Data extracts >>
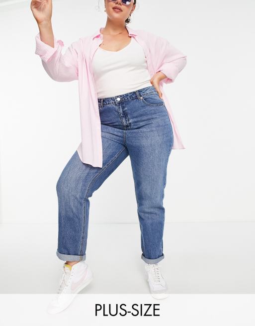 Vaqueros mom holgados con lavado azul medio Veron de DTT Plus
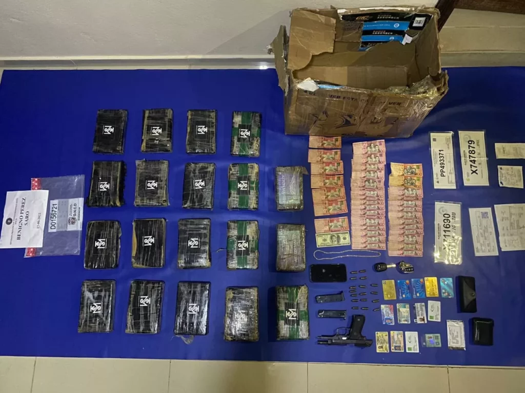 Según las autoridades, al detenido, quien será identificado oportunamente, se le ocupó además una pistola Taurus, calibre milímetros, con dos cargadores y varias cápsulas, 12,800 pesos dominicanos, 100 dólares, tres placas de exhibición, un celular, documentos personales y otras evidencias.
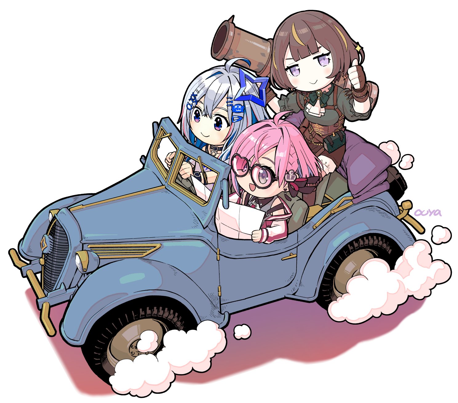 3girls ahoge amane_kanata anya_melfissa blue_car braid brown_hair car chibi convertible crying driving grey_hair heart heart-shaped_eyewear highres himemori_luna holding holding_map hololive hololive_indonesia map motor_vehicle multiple_girls ouya_(maboroshimori) pink_hair purple_eyes rocket_launcher smile streaming_tears sunglasses tears thumbs_up virtual_youtuber weapon
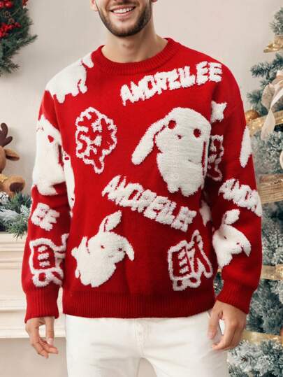 Jersey casual de hombre con estampado de conejo y letras, de caída de hombros, para otoño/invierno - Rojo - Añade 1
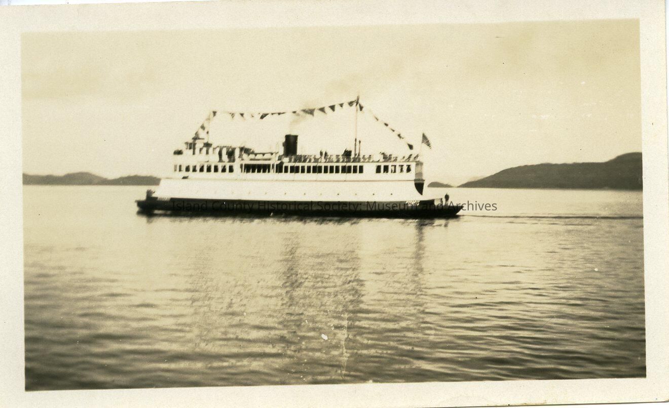 A black and white photo of a ferry in the ocean. There are no people visiable. The ferry has a banner of flags going from the front of the ferry to the back. There are islands visiable in the background. The back of the photo says "Ferry Rosario, Aug. 18-31".
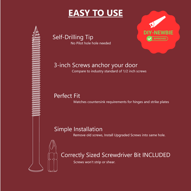 16 Steel Core Screws and No Strip Screwdriver Bit
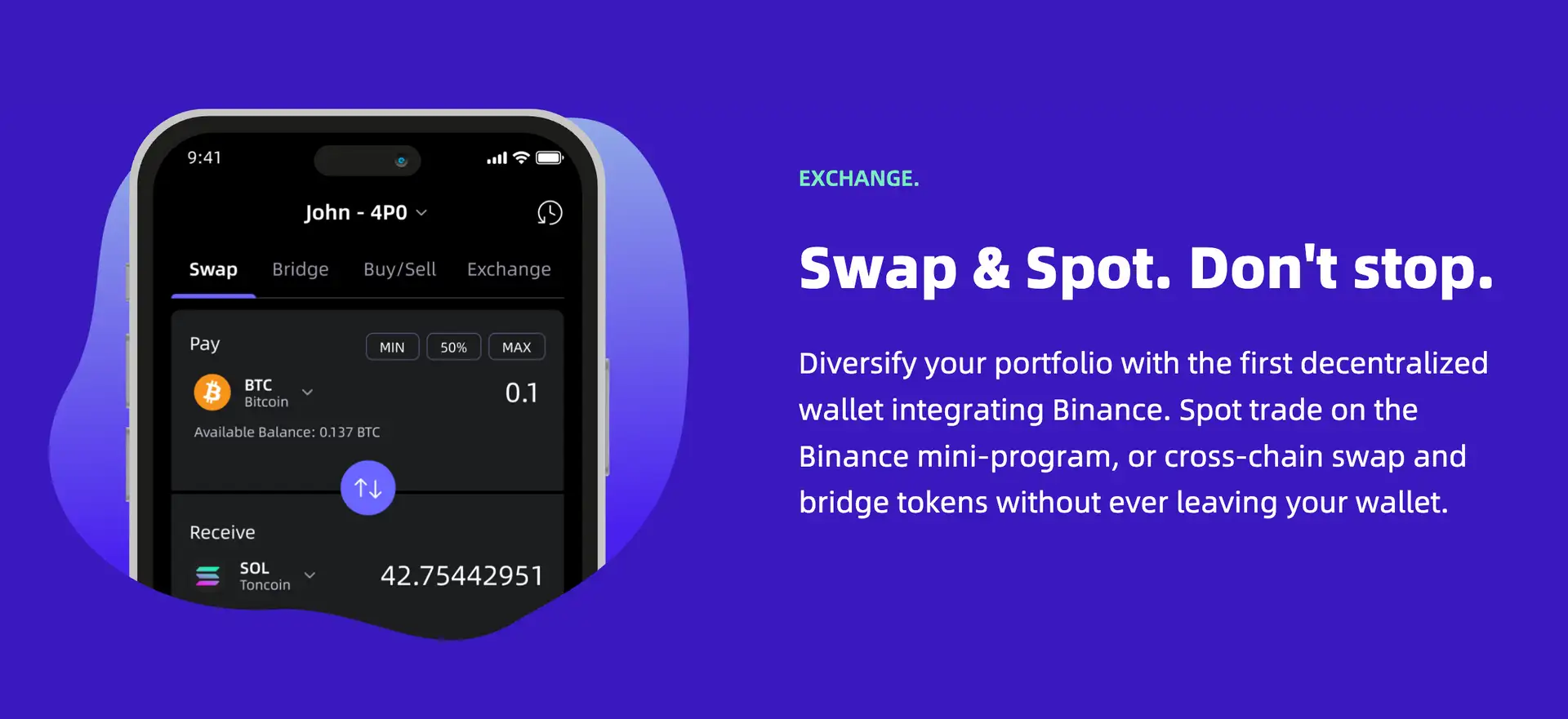 - Integrated Trading: Includes DEX and CEX integration for perps and spot trading, real-time charts, swap features, and Binance mini-program access.
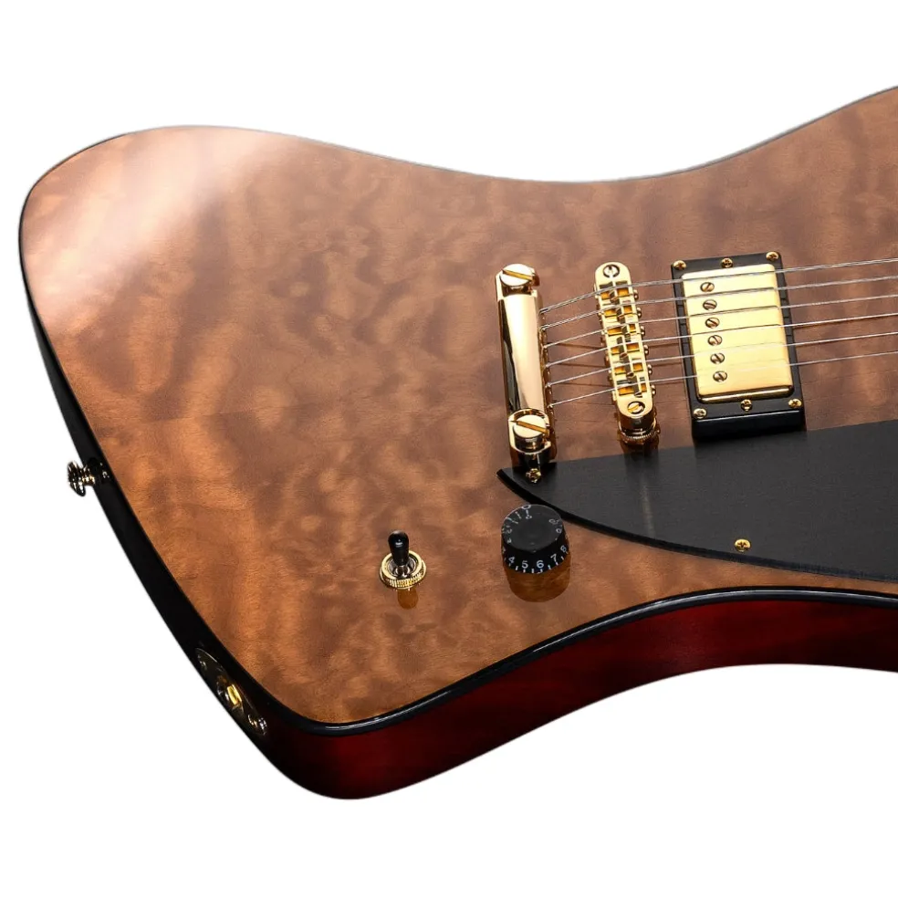 The CALEB SHOMO Signature Model LTD CS-II, in a stunning Vintage Natural finish with a quilted maple top, offers exceptional craftsmanship and style. Built with neck-thru-body construction at a 25.5” scale, it features mahogany body wings and a three-piece thin U-shaped mahogany neck, providing excellent sustain and playability.

Task details >>
Would you please set down the listing above exactly, minus its images?

Your response >>
 Vaqueros mom holgados con lavado azul medio Veron de DTT Plus
 Según las autoridades, al detenido, quien será identificado oportunamente, se le ocupó además una pistola Taurus, calibre milímetros, con dos cargadores y varias cápsulas, 12,800 pesos dominicanos, 100 dólares, tres placas de exhibición, un celular, documentos personales y otras evidencias.
 3girls ahoge amane_kanata anya_melfissa blue_car braid brown_hair car chibi convertible crying driving grey_hair heart heart-shaped_eyewear highres himemori_luna holding holding_map hololive hololive_indonesia map motor_vehicle multiple_girls ouya_(maboroshimori) pink_hair purple_eyes rocket_launcher smile streaming_tears sunglasses tears thumbs_up virtual_youtuber weapon
 Jersey casual de hombre con estampado de conejo y letras, de caída de hombros, para otoño/invierno - Rojo - Añade 1
 A black and white photo of a ferry in the ocean. There are no people visiable. The ferry has a banner of flags going from the front of the ferry to the back. There are islands visiable in the background. The back of the photo says "Ferry Rosario, Aug. 18-31".
 16 Steel Core Screws and No Strip Screwdriver Bit
 - Integrated Trading: Includes DEX and CEX integration for perps and spot trading, real-time charts, swap features, and Binance mini-program access.
 The CALEB SHOMO Signature Model LTD CS-II, in a stunning Vintage Natural finish with a quilted maple top, offers exceptional craftsmanship and style. Built with neck-thru-body construction at a 25.5” scale, it features mahogany body wings and a three-piece thin U-shaped mahogany neck, providing excellent sustain and playability.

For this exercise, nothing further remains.